The bottle of Absinthe I have at my place isn't much stronger than the vodka, but it is stronger.
Still most of the "Green Fairy" mythos that got built around absinthe is hooey. But still, it's fun to set things on fire and melting sugarcubes so absinthe is okay in my book.
I had "absynthe" that was roughly 80% alc. It was fucking filthy.
One of my close friends (Skunktubbs if anyone has played on XBL with him) roommate in college made his own absinthe. It was straight up firewater, it made Everclear taste like water.
Eat a bag of dicks.Originally Posted by BerringerX
Absinthe is black-licorice flavored death. In a bottle.

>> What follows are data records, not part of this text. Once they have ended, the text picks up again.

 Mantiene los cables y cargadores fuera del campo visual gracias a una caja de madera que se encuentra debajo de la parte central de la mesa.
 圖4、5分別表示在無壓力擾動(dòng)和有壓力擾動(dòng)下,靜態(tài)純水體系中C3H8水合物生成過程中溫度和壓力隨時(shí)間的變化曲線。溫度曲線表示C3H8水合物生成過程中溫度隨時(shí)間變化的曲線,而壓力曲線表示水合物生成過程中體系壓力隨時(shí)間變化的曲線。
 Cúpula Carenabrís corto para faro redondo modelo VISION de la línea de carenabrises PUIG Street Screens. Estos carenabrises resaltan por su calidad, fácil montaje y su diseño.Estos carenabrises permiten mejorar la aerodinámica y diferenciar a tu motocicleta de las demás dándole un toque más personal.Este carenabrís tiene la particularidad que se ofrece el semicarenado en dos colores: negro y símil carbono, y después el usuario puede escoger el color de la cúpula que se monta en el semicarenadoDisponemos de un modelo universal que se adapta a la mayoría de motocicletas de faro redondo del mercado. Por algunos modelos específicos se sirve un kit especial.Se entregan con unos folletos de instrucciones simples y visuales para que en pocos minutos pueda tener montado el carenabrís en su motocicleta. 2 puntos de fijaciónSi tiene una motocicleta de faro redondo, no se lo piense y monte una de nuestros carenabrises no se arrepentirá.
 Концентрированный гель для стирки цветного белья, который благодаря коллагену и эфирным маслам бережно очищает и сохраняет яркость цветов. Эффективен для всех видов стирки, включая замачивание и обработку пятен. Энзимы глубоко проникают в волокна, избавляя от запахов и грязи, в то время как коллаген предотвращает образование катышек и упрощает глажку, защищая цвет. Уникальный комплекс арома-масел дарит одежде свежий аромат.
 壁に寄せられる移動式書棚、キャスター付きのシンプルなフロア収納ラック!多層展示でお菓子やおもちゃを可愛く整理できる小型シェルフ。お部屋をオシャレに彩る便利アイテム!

My 44 year old neighbor always invites me over for "a beer." I usually respectfully decline, but the other day I took him up on it. Some how "a beer" turned into him passing me shots of jack. He tried teaching me backgammon, and his friend was showing me his stitched up stomach from when he got stabbed at a bar a few weeks ago. It was weird...

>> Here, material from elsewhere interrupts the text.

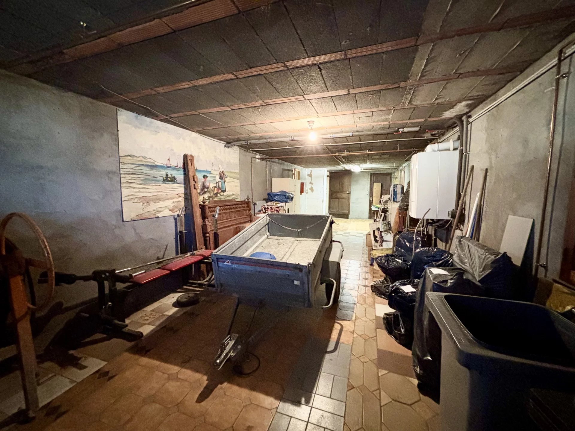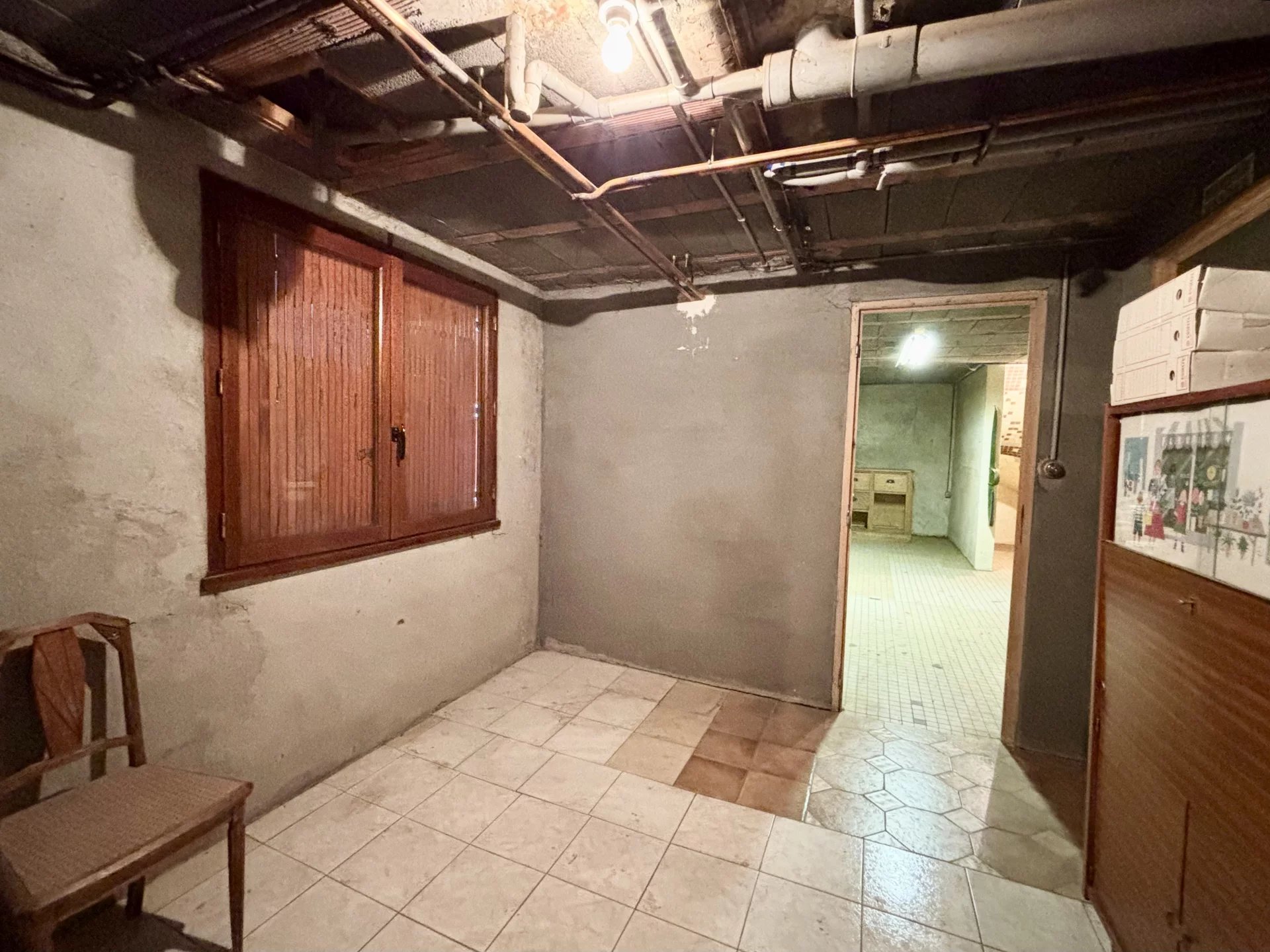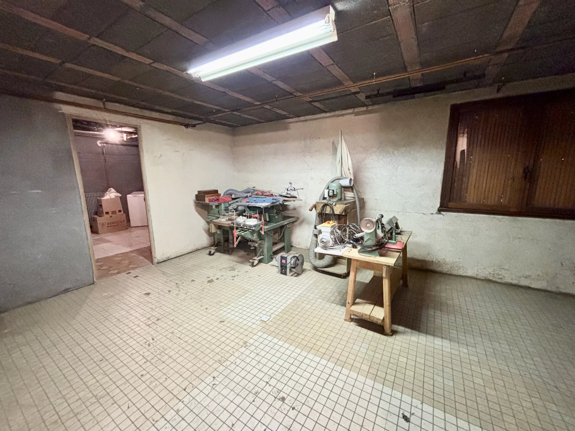Au rez-de-chaussée, un sous-sol complet de 93.3m² desservant un grand garage de 44.3m², une première pièce (anciennement atelier) de 26m², une seconde de 10m² mais aussi une salle d'eau avec wc et un cellier ayant accès à une cave en R-1.

Last Friday I went to my friend's birthday party. After several beers, I decided to have a smoke. Now, I'm not the best smoker, as I usually average about 30 cigarettes per year, so sometimes I cough whlie exhaling. I did this in front of some dude I don't know, and he laughed, saying I smoke like a girl. I said "oh, yeah?" and inhaled deeply, blew it in his face, and put out the butt on the back of my hand. I told him "Thats how men do it," and flicked the butt at his chest. I felt pretty manly. Everyone laughed. Except that douche.
I was kinda drunk. And now I'll have a story to go along with this about-to-be scar.
You're right, that's a pretty good story...too bad those drunk self induced cig burns leave pretty prominent scars. I'd recommend neosporin asap to reduce the scarring.
In other news.
Vodka water with 3 limes wedges are delicious and zesty.